Andy LaRoche drove in two runs despite twice being thrown out trying to stretch singles into doubles as the Pirates picked up their fifth win in their last six games. The win guaranteed the Pirates will avoid 100 losses.
"When all is said and done, it is important, but we wanted to finish over .500 this last week or so," Milledge said. "A hundred losses or not, we wanted to finish strong. We're all playing for a spot on the roster. No one has a (guaranteed ) job on this team."
McCutchen (1-2) made his major league debut with a no-decision at Cincinnati on Aug. 31, and had been winless in five starts for Pittsburgh. He held the Reds scoreless until Wladimir Balentien's 467-foot home run.
"It shouldn't have taken six starts," McCutchen said. "I guess the sixth time's the charm. It feels good to get it out of the way."
Manager John Russell credited McCutchen's aggressiveness.
"The first nine hitters, McCutchen threw eight or nine first-pitch strikes," Russell said. "We talked to him about getting ahead of hitters. He's thrown the ball pretty well for us. He just hasn't had a win."
McCutchen allowed four hits, walked two and struck out five. Jesse Chavez finished the seventh, Joel Hanrahan pitched a perfect eighth and Matt Capps closed for his 27th save.
Justin Lehr (5-3), starting in place of blister-plagued lefty Matt Maloney, allowed three runs and four hits in six innings.
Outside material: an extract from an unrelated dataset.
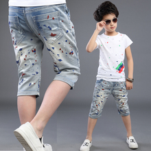 男童2017夏季新款牛仔裤七分裤薄款儿童装中裤中大童短裤破洞外穿

Pittsburgh took a 2-0 lead in the third on McCutchen's leadoff walk, Andrew McCutchen's double and LaRoche's two-run single into the left-field corner. LaRoche was nailed by Balentien at second on the play - right fielder Jay Bruce threw out LaRoche to end the eighth inning.
Milledge led off the fourth with his fourth homer of the season, and third against the Reds.
The Reds had gone 20 consecutive scoreless innings before Balentien homered.
Notes
The Reds fired pitching coach Dick Pole before the game. He was in his third season with the team. The rest of the coaches will return in their same roles next season. ... Reds LHP Arthur Rhodes will miss the rest of the season because of broken left big toe he sustained Sept. 4. Rhodes is 1-1 with a 2.53 ERA in 66 games. ... RHP Jeff Karstens will start Sunday's season finale for Pittsburgh. A rib cage injury will keep RHP Kevin Hart, the unofficially projected starter, from making the start. Karstens is 4-5 with a 5.37 ERA in 38 games, including 12 starts.